— ASSIGNMENT —
The copy should hold exactly the lines below from the one that contains "Ensure highly quality." through the one that contains "The Appaloosa Horse" and nothing else, so no pictures.

— GIVEN INFORMATION —
┌────────

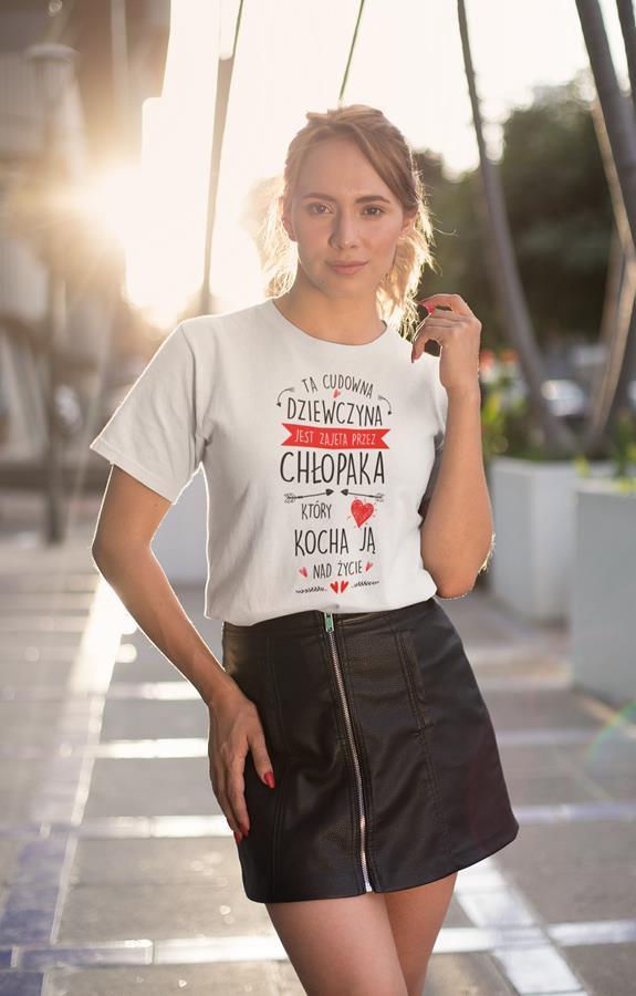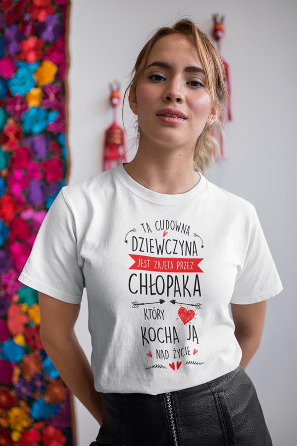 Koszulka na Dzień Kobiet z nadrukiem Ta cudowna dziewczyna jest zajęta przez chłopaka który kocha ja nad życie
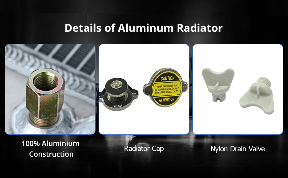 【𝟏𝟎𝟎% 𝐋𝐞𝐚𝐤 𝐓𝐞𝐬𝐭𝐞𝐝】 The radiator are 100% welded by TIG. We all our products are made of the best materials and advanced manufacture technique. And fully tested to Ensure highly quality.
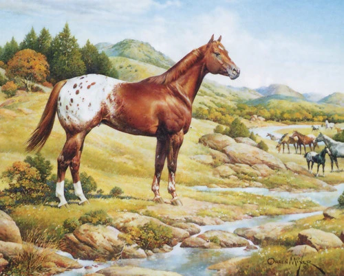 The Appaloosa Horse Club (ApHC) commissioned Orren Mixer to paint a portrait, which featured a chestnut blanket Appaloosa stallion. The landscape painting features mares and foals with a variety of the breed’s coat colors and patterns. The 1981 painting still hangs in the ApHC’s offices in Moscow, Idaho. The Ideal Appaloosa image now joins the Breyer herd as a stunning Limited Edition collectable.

└────────
┌────────

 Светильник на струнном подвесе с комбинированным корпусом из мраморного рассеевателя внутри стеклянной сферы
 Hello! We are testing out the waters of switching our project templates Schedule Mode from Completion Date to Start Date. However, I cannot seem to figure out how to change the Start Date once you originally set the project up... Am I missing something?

└────────
┌────────

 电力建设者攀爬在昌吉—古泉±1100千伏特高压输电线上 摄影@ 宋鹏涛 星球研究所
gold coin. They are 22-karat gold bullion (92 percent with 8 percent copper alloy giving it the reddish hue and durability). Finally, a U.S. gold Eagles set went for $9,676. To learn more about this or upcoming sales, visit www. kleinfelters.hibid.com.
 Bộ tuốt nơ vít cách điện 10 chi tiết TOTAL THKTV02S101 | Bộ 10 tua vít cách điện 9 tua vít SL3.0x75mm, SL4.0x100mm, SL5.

└────────

— OUTPUT FOR THIS EXERCISE —
 【𝟏𝟎𝟎% 𝐋𝐞𝐚𝐤 𝐓𝐞𝐬𝐭𝐞𝐝】 The radiator are 100% welded by TIG. We all our products are made of the best materials and advanced manufacture technique. And fully tested to Ensure highly quality.
 The Appaloosa Horse Club (ApHC) commissioned Orren Mixer to paint a portrait, which featured a chestnut blanket Appaloosa stallion. The landscape painting features mares and foals with a variety of the breed’s coat colors and patterns. The 1981 painting still hangs in the ApHC’s offices in Moscow, Idaho. The Ideal Appaloosa image now joins the Breyer herd as a stunning Limited Edition collectable.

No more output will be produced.